In women, smoking significantly increases the odds of infertility and causes a longer time to conception in comparison to non-smokers. Smoking ages eggs, leads to loss of reproductive function, and may advance the time of menopause by several years. Women who conceive while smoking have an increased risk of ectopic pregnancy (embryo implants outside of the uterus which is non-viable and dangerous to the mother), and have an increased risk of miscarriage. Nicotine exposure during early pregnancy, a crucial time of fetal development, has lasting adverse affects on brain development and can cause birth defects including orofacial clefts in infants. Women who smoke during pregnancy have a higher risk of having low birth weight babies, preterm delivery, and stillbirth. The incidence of Sudden Infant Death Syndrome (SIDS) is increased in a household where someone smokes.
Studies have shown that smokers who proceed with an IVF cycle require twice as many attempts, require higher doses of gonadotropins to stimulate the ovaries, have fewer eggs retrieved, have more cancelled cycles, and lower implantation rates. The reduction in natural fertility associated with smoking may not be overcome by assisted reproductive technologies.

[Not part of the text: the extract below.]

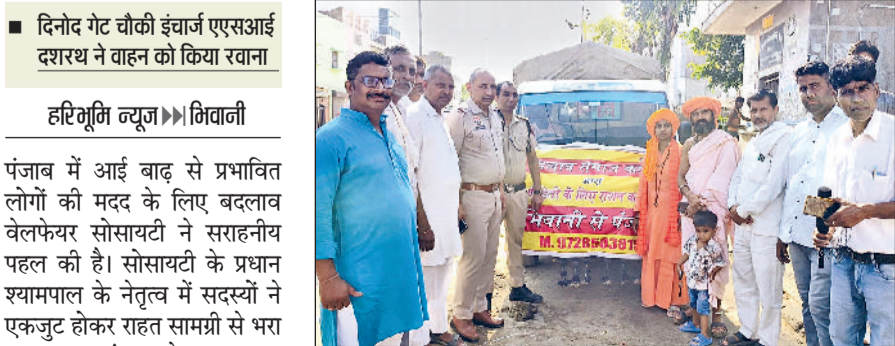
भिवानी। बाढ़ राहत सामग्री से भरे वाहन को रवाना करते हुए।

लिए शीघ्र ही गांव में तटबन्ध बनाया जाएगा। पानी की निकासी के लिए तोशाम बवानी खेड़ा पर 15 क्यूसेक पानी निकासी के दो बिजली के पम्प सैट लगाए गए हैं। तीन किलोमीटर लम्बी नई ड्रेन बनाकर तोशाम हांसी

It should also be noted, that smoking marijuana is also harmful to fertility. Marijuana contains cannabinoids which in addition to other effects, negatively impact male and female reproductive organs. In males, cannabinoids cause reduced testosterone and decreased sperm production and motility. Females who use marijuana are at an increased risk of infertility. Cannabinoids negatively affect placental and fetal development and may even cause stillbirth.
There are many health benefits to stop smoking, including improved chances for conception and a healthy pregnancy. One study showed that cessation of smoking for at least two months before attempting IVF significantly improved chances for conception. While long-term smoking can permanently damage ovarian function, the harmful effect on treatment outcome, can be reversed if smoking cessation occurs prior to attempting pregnancy. [iv]
Many patients wonder about the safety of caffeine during conception and pregnancy because they have come to love their morning coffee or afternoon soda. Research here is conflicting and inconclusive. Some studies connect increased early miscarriage risk to caffeine intake. We feel if you’re trying to conceive, experiencing infertility, and considering investing in expensive fertility treatments, it makes sense to start cutting back on your caffeine intake if you haven’t already.
BabyCenter.com has a great article on Caffeine During Pregnancy if you’d like to learn more. The article describes how caffeine crosses the placenta and provides a chart detailing the amounts of caffeine found in common beverages and foods. Some doctors may recommend completely cutting out caffeine. However, most studies show that caffeine only increases miscarriage rates at very high amounts (think 5-6 cups of coffee daily!). Therefore, other physicians consider caffeine in moderation (under 200 mg of caffeine daily) to be reasonable for infertility patients to consume.